Chinese and Taiwanese food is slowly starting to have a renaissance movement in the United States. This is clear from the prevalence of renowned dim sum chains like Din Tai Fung, the emergence of hot pot, and the proliferation of boba shops across the country.

Despite all of this, the most popular Chinese dishes in the USA are still Chinese-American, rather than Chinese. General Tso’s Chicken and orange chicken dominate the palates, all because Chinese food in the US was engineered around Western palates first, making the food sweeter and less authentic to what you can get in China and Taiwan.

In Los Angeles, restaurants are starting to open up that push back against that concept. Instead of engineering Chinese food to work for American tastes, they’re twisting up beloved American dishes to work with the traditional flavors of China and Taiwan. While you might expect to find this through the lens of fine dining, one of the pioneers of this movement is a small boba shop and cafe in the heart of LA’s San Gabriel Valley.
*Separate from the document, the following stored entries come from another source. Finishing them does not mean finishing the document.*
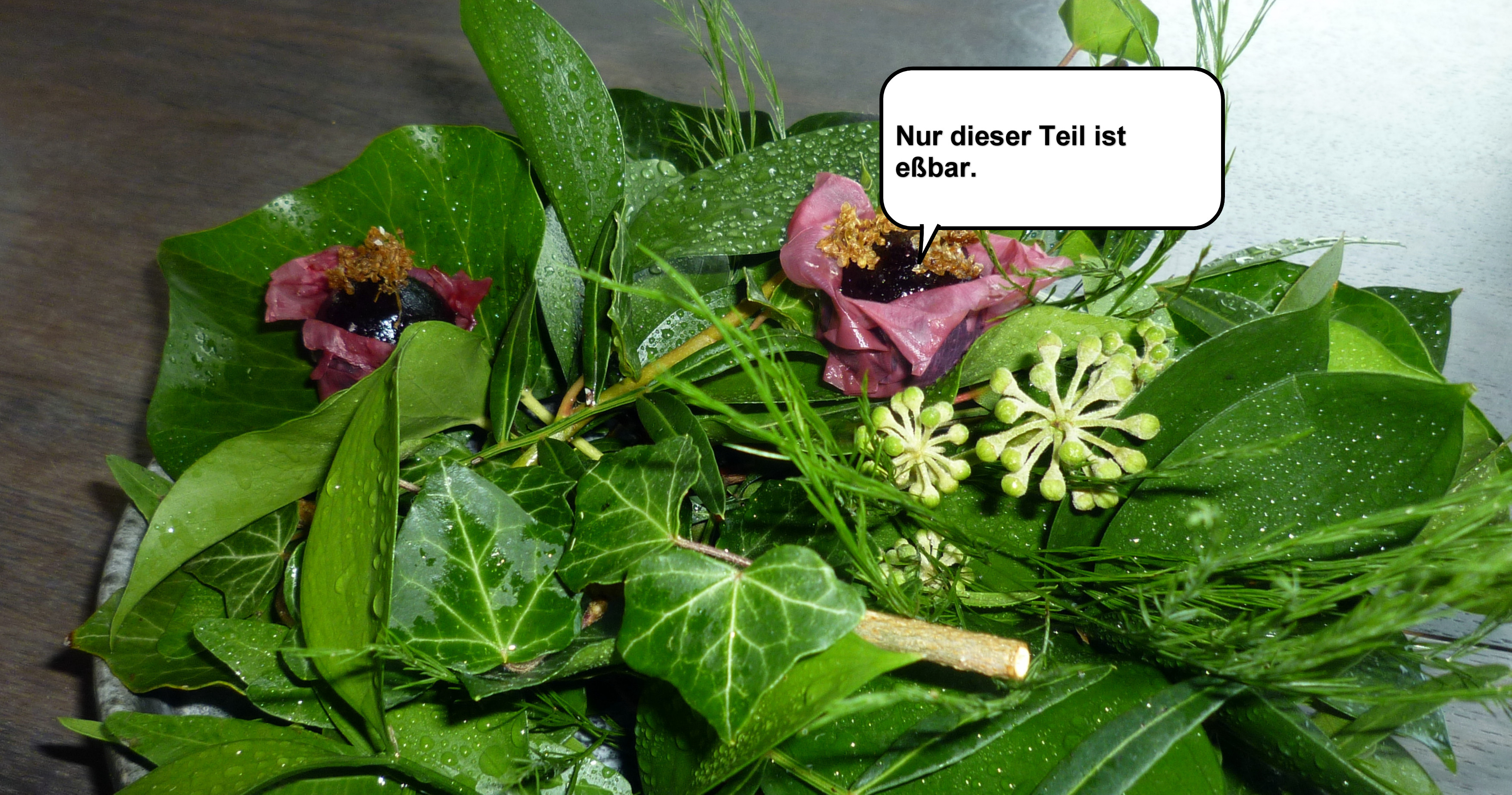Schwarze Johannisbeere und Rose: Man kann die Dekoration auch übertreiben. 9/10 Dekoration, 1/10 Essbar. Eigentlich sollte alles was auf den Teller kommt auch essbar sein. Essbar waren lediglich drei zusammengefaltete Rosenblätter gefüllt mit einer frischen schwarzen Johannisbeere und getrockneten Beeren. Interessent dabei die intensive Geschmacksvielfalt bei frisch und getrockneten Beeren. Wie so oft bringt die getrocknete Form mehr Geschmack.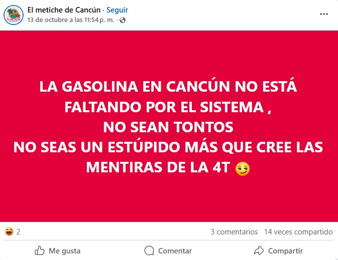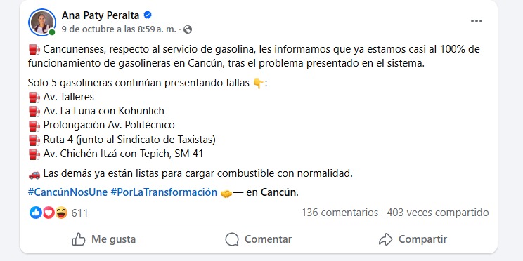 El pasado 9 de octubre, la presidenta municipal Ana Paty Peralta publicó que “solo cinco gasolineras continuaban con fallas” y que “todas las demás ya estaban listas para cargar combustible con normalidad.”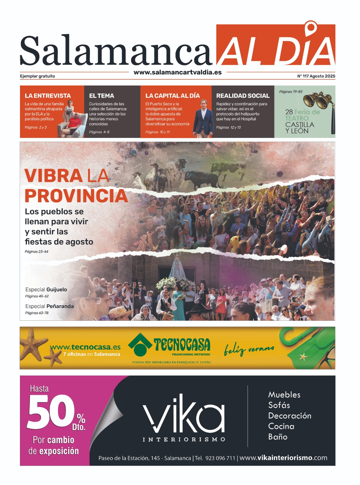 La esperada cita mensual con la información local y provincial llega de nuevo a sus puntos de encuentro habituales. Desde este miércoles, 6 de agosto, los lectores podrán hacerse con el nuevo número del periódico gratuito SALAMANCA AL DÍA, una edición que este mes pone el foco en la 'vibra de la provincia'.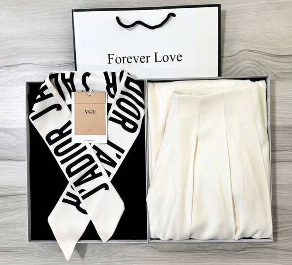 VGU0806 - SET ÁO THUN ĐEN + CHÂN VÁY DÀI KÈM KHĂN (3MÓN)
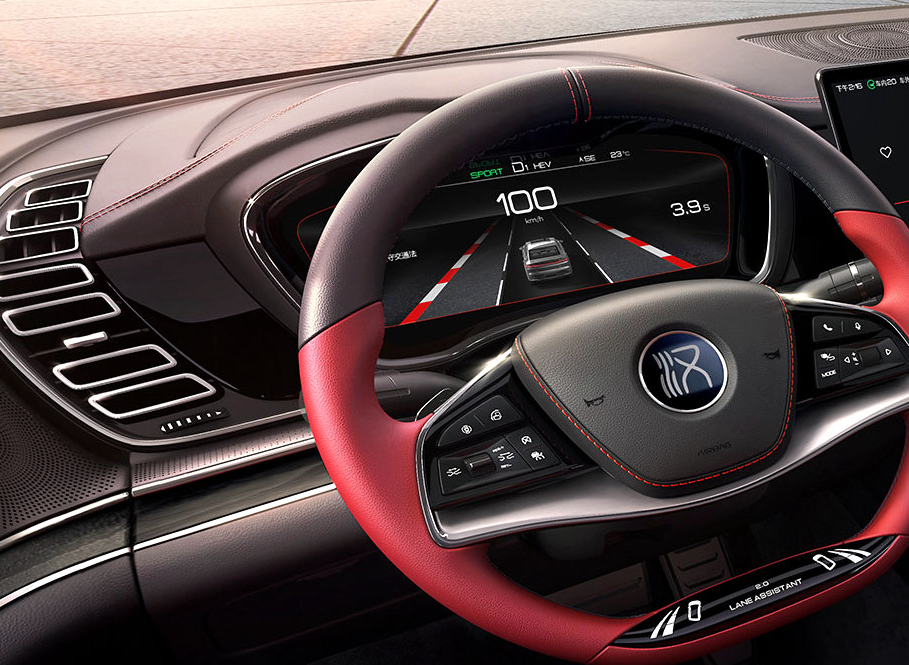 它的方向盘采用了两幅式设计,并且底部带有“2.0 LANE ASSISTANT”字样,这可能预示在比亚迪汉 上搭载了优化后的辅助驾驶系统。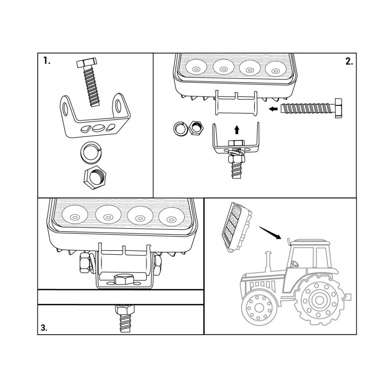 L'installation requiert de percer un trou dans le pare-chocs, la barre du véhicule ou la surface choisie pour le montage du projecteur. Si la surface est plus épaisse que la longueur de la vis fournie, veillez à utiliser une vis de même diamètre mais de longueur supérieure. Une fois installé, ce projecteur peut être ajusté pour orienter le spot vers le haut ou le bas, selon vos besoins.

The spot is called Bopomofo Cafe, a modern take on boba and American-born Chinese food. Bopomofo, which is named after the first four letters of the Taiwanese Mandarin alphabet, is co-owned by Philip Wang, one of the main creative forces behind Asian-American YouTube and digital media powerhouse Wong Fu Productions. Wang, together with his co-owner Eric Wang and chef Andrew Park, have put together a revolutionary menu that fuses Chinese, Taiwanese, and American together, but not catering to the “American runs on sweet” mantra.

“We always thought that there’s new American food,” Wang told Foodbeast, “but there’s no new real Asian-American food, and that’s kind of how we saw our menu.”

As a result, you get dishes that explode with equal, stunning amounts of creativity and flavor. The gold standard at Bopomofo is the Ma Po Tofu Tater Tots, which swaps out the Sichuan classic in a modern rendition of chili cheese tots. Since mapo tofu is typically served over rice, the crunch and fattiness of the tots is an unexpected yet welcome contrast that elevates both dishes this one is inspired by.

Other such innovative items on Bopomofo’s menu include a Walnut Shrimp Burger, nachos made from Chinese scallion pancakes and topped with braised pork belly, a fried chicken sandwich modeled on Taiwanese flavors and cooking techniques, and a “MOFO Club” inspired by Wang’s travels to Taiwan.

Bopomofo keeps that creativity going in their drink selection as well. Whether it’s a beet-colored Taro Milk or a dreamsicle-like take on Orange Bang! (called Orange Wang), you get nostalgia yet novelty in every sip and bite of the cuisine served up here.

With that creativity, Wang and his team are pushing the envelope of what it can mean to combine American, Chinese, and Taiwanese flavors. By staying true to core Chinese and Taiwanese flavors, but still using ingredients familiar to Americans, the food here becomes a potential pathway to explore authentic Chinese and Taiwanese tastes through an American lens.